Some high end consumer GPU cards have 2 and sometimes 3 PCI-E 8-Pin power sockets. Make sure you have as many independent 12V PCI-E 8-Pin cables plugged into the card as there are sockets. Do not use the 2 splits at one end of the same cable (also known as pigtail cable). That is if you have 2 sockets on the GPU, you want 2 PCI-E 8-Pin cables going from your PSU to the card and not one that has 2 PCI-E 8-Pin connectors at the end! You won't get the full performance out of your card otherwise.

Each PCI-E 8-Pin power cable needs to be plugged into a 12V rail on the PSU side and can supply up to 150W of power.

Some other cards may use a PCI-E 12-Pin connectors, and these can deliver up to 500-600W of power.

Low end cards may use 6-Pin connectors, which supply up to 75W of power.

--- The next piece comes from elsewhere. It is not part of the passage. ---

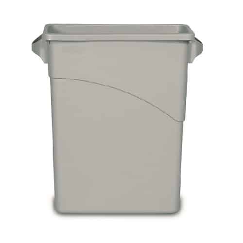En grå 60 liters avfallstunna som tar liten plats. Olika lock för olika ändamål. Kan även utrustas med vagnar som sätts ihop med varandra för att förenkla förflyttning.

Additionally you want the high-end PSU that has stable voltage. Some lower quality ones may not give the card the stable voltage it needs to function at its peak.

And of course the PSU needs to have enough unused Watts to power the card.

Cooling

When a GPU gets overheated it will start throttling down and will not deliver full performance and it can even shutdown if it gets too hot.

It's hard to tell the exact best temperature to strive for when a GPU is heavily loaded, but probably anything under +80C is good, but lower is better - perhaps 70-75C is an excellent range to be in. The throttling down is likely to start at around 84-90C. But other than throttling performance a prolonged very high temperature is likely to reduce the lifespan of a GPU.